Nicole Helget: The Turtle Catcher

September 15, 2010 by  
Filed under Fiction, WritersCast

978-0547248004 – Mariner Books – paperback – $13.95 (also available as an e-book)

I found this book, written by an author I had never heard of before, by doing something very old fashioned: browsing in a bookstore.  There are many forms of discovery, but finding a book you want to read in a store is still a great pleasure.  And when you take it home and start reading it, and find out you made a lucky choice to read an exceptionally fine novel, that is a true and deeply rewarding experience.

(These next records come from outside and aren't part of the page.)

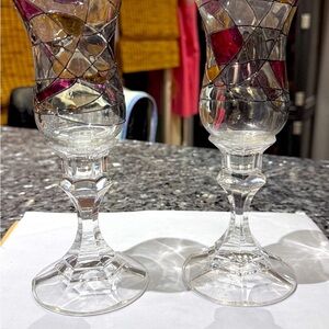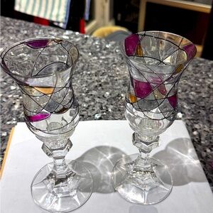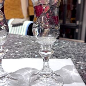 ✨ Vintage. Rare find. These are retired, only available now in the secondary market. 4" hand blown glass tea light or votive candle holders with hand painted stained glass. Sitting on clear glass stems. Excellent condition.
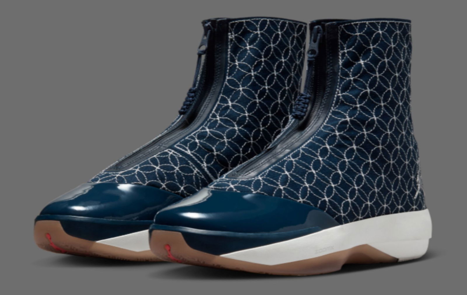 The official Air Jordan 40 "Rui Hachimura," also referred to as the Air Jordan 40-28 or 4028 PE by sneaker lovers. The sneaker carries the official style code IQ5893-400. The shoe is built on a clean College Navy, Sail, and Chrome colorway. Its upper side features sashiko-style stitching.
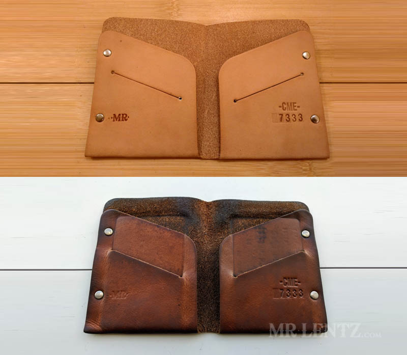 Today’s Customer photo is from Christopher E. showing off how his wallet has patina’d over 52 months of use! Wow, what an awesome before and after shot, this wallet was originally the Sun Tanned Natural color. The leather I use for these wallets is Full Grain Vegetable Tanned, and they absorb light, oils, scratches, pocket rubbing, and more – helping to age them into something of beauty. It looks like you’ve been taking good care of your wallet with a few coats of conditioner once in a while. I give a free tin of it out with every order. Thank you for the photo Christopher! Find this wallet here.
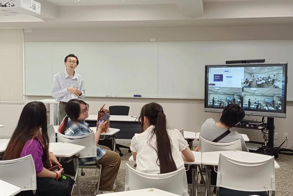 在京都期間,師生們受到合作院校京都情報(bào)大學(xué)院大學(xué)寺下陽(yáng)一校長(zhǎng)熱情接待,共同走訪了京都情報(bào)大學(xué)院大學(xué)不同校區(qū),參觀了實(shí)驗(yàn)室、圖書(shū)館、演播廳等,體驗(yàn)了京都情報(bào)大學(xué)院大學(xué)線上線下混合授課。在工作坊文化探訪環(huán)節(jié),師生們還參觀了京都著名的金閣寺、二條城等世界文化遺產(chǎn),并進(jìn)行了創(chuàng)作采風(fēng)。
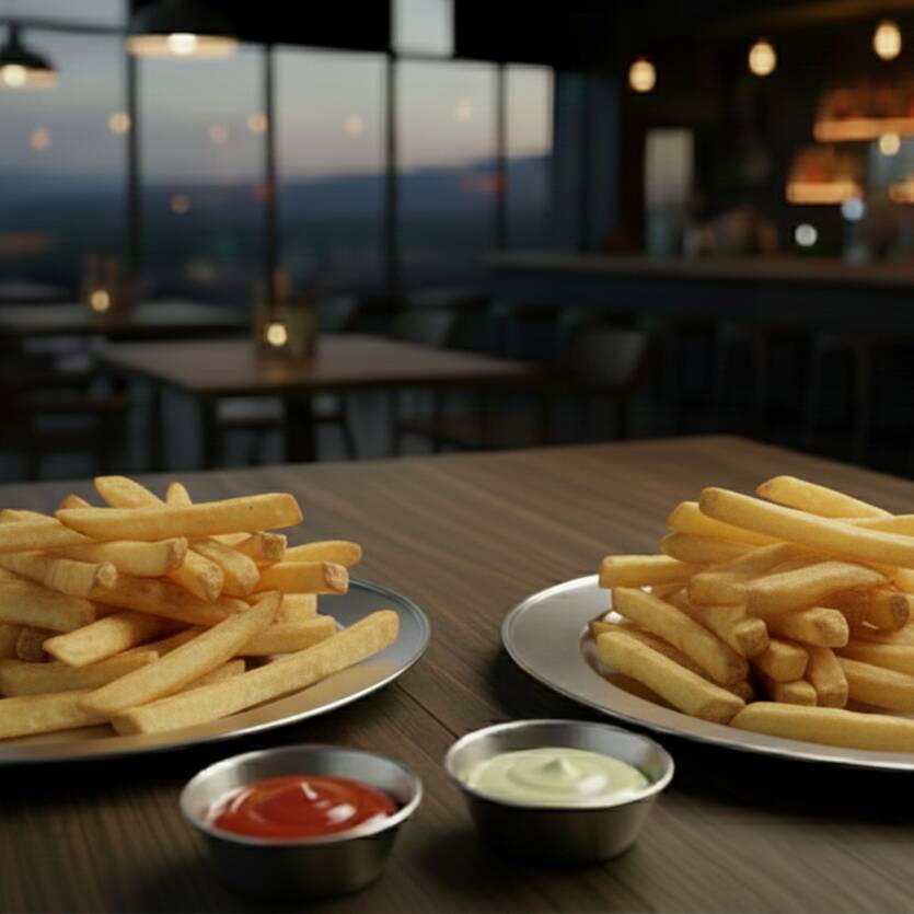 Porción de papas en gajos fritas. Con harina, sal pimienta y paprika.
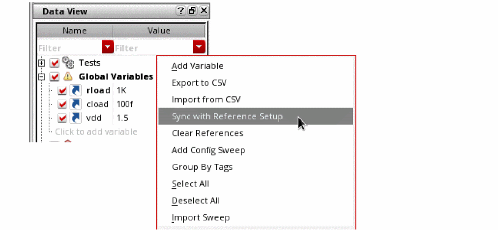 Right-click the Global Variables, Corners, or Reliability Analyses section and choose Sync with Reference Setup.
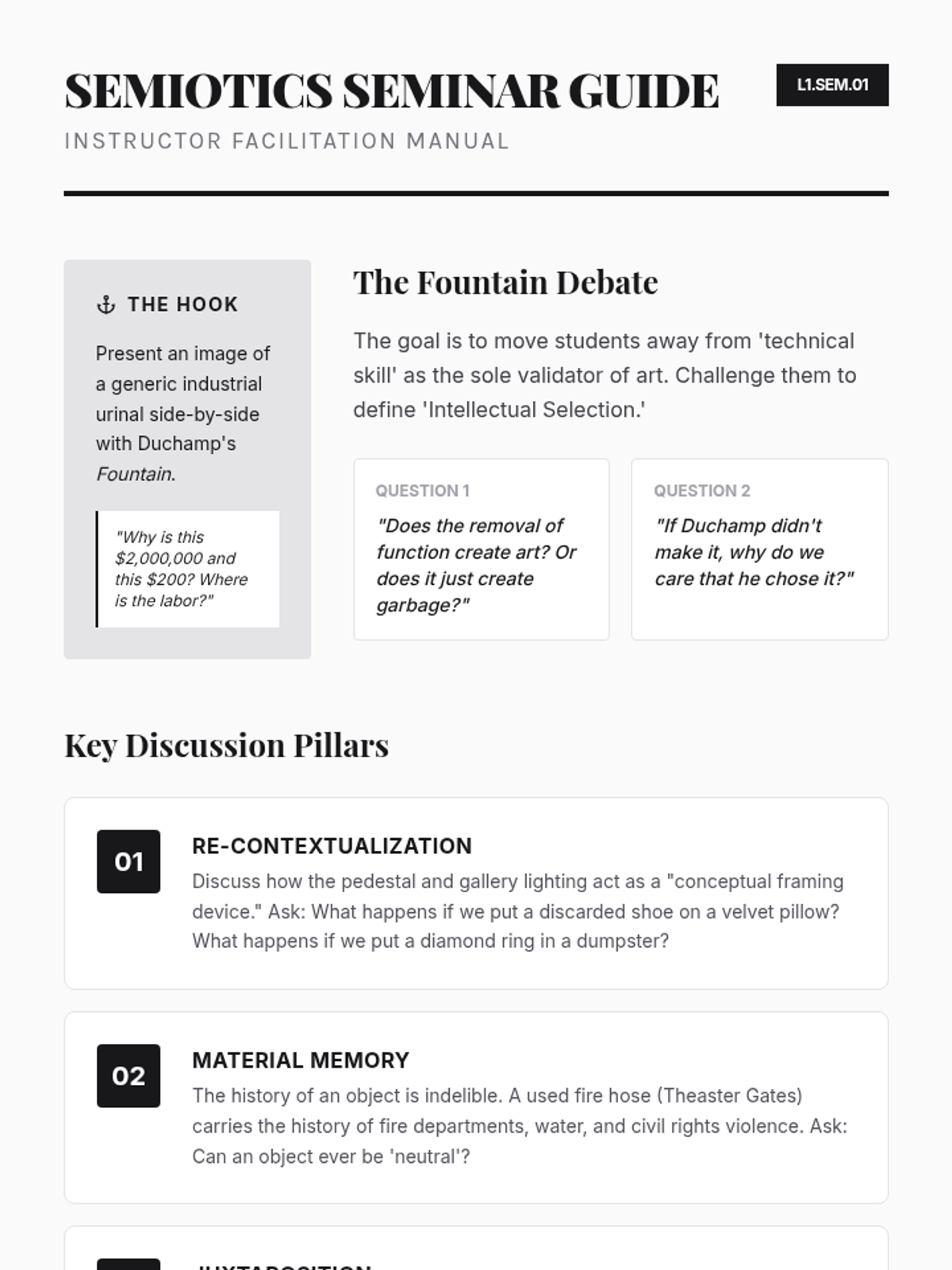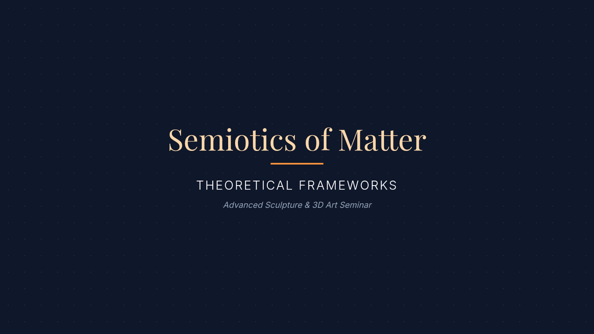 An advanced graduate-level exploration of material agency, semiotics, and sculptural practice, bridging critical theory with rigorous studio fabrication.

I was surprised to learn that The Turtle Catcher is Nicole Helget’s first novel – she doesn’t write like a first novelist at all.  The opening of this novel is absolutely perfect, and is beautifully written, setting the tone for a complicated, very often painful, but also engrossing story.  Helget’s novel is mystical and magical, but these moments of “magical realism” where she enters another plane counterpoint brilliantly with the almost plainspoken story she has to tell about immigrant families in a German-American community in rural Minnesota in the early 20th century.  The book is set in the now little discussed period just before, during and after World War I, a time that was very complicated for communities of recently arrived immigrants from the old country, with Germany now the enemy of their new homeland.  The tensions within the town provide a taut backdrop for Helget’s for the focus of her story.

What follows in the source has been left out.